Couple's Chili Sauce Business Helped Their Davao Oriental Community Rise Above Adversity

THE ABILITY of the Filipinos to rise up after every adversity has been proven time and again. That despite major calamities, almost everyone could still manage to offer a warm smile and see the goodness in everything. And the couple behind Ayana’s Siling Kinamayo, together with the hundreds of families in the Mindanao region, particularly in Davao Oriental, could very well epitomize this trait.

Sahlie P. Lacson

Ayana’s Siling Kinamayo (Ayana’s Native Chili Sauce) came into light in the aftermath of Typhoon Pablo, which hit the Mindanao region on December 4, 2012. Typhoon Pablo is considered the strongest tropical cyclone on record to ever affect the southern Filipino island of Mindanao, making landfall as a Category 5 super typhoon with winds of 175 mph. Coconut plantations, considered the top source of income among residents, particularly in the municipalities of Baganga, Cateel, and Boston in Davao Oriental, were heavily devastated. Aside from the lives lost, damage to infrastructure and crops were enormous.
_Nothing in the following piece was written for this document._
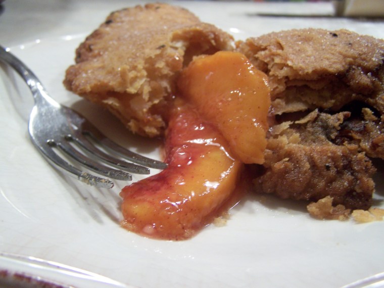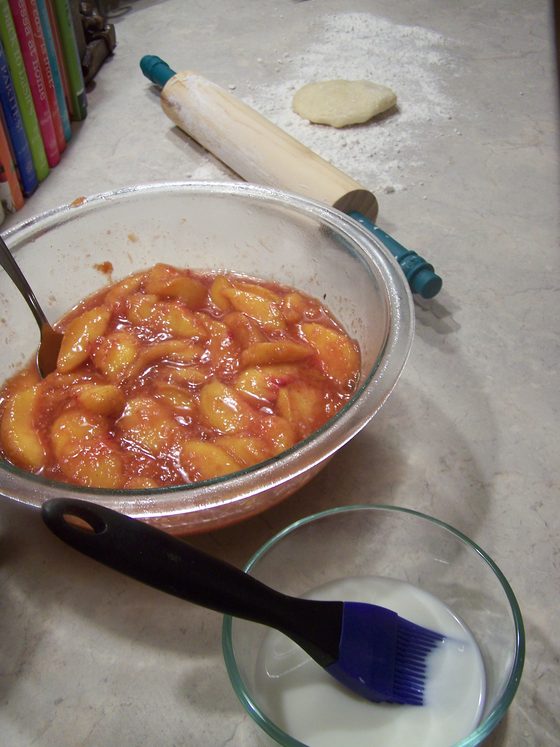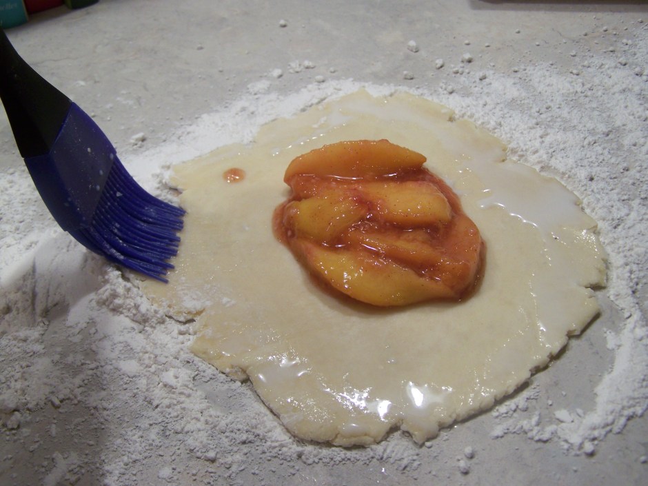 Roll out each disc of dough six inches wide. Fill the center with about a teaspoon of the peach mixture, but don’t overfill it. Then, paint the edges with milk, fold over and seal.

However, with the intervention of DTI (Department of Trade and Industry), who is tasked to provide an alternative source of income to affected residents, and farmers, and other stakeholders, husband and wife Edlun and Maricel Ferrando promoted and initiated hot chili production and processing as one of the income generating projects, which became the centerpiece program in the area. Besides, chili production has a faster turnout compared to coconut.

HOW AYANA’S STARTED

Right after Typhoon Pablo’s devastation, the DTI conducted livelihood training seminars, mostly for women farmers in the area, and Maricel Ferrando was one of them. The DTI discovered Maricel’s knowledge in making hot sauce, which she served to her customers in her small carinderia in Baganga before the onset of Typhoon Pablo. They saw the market potential of the sauce, that is why they invited Maricel and her husband, Edlun, to attend further training and seminars on product development, branding, and marketing.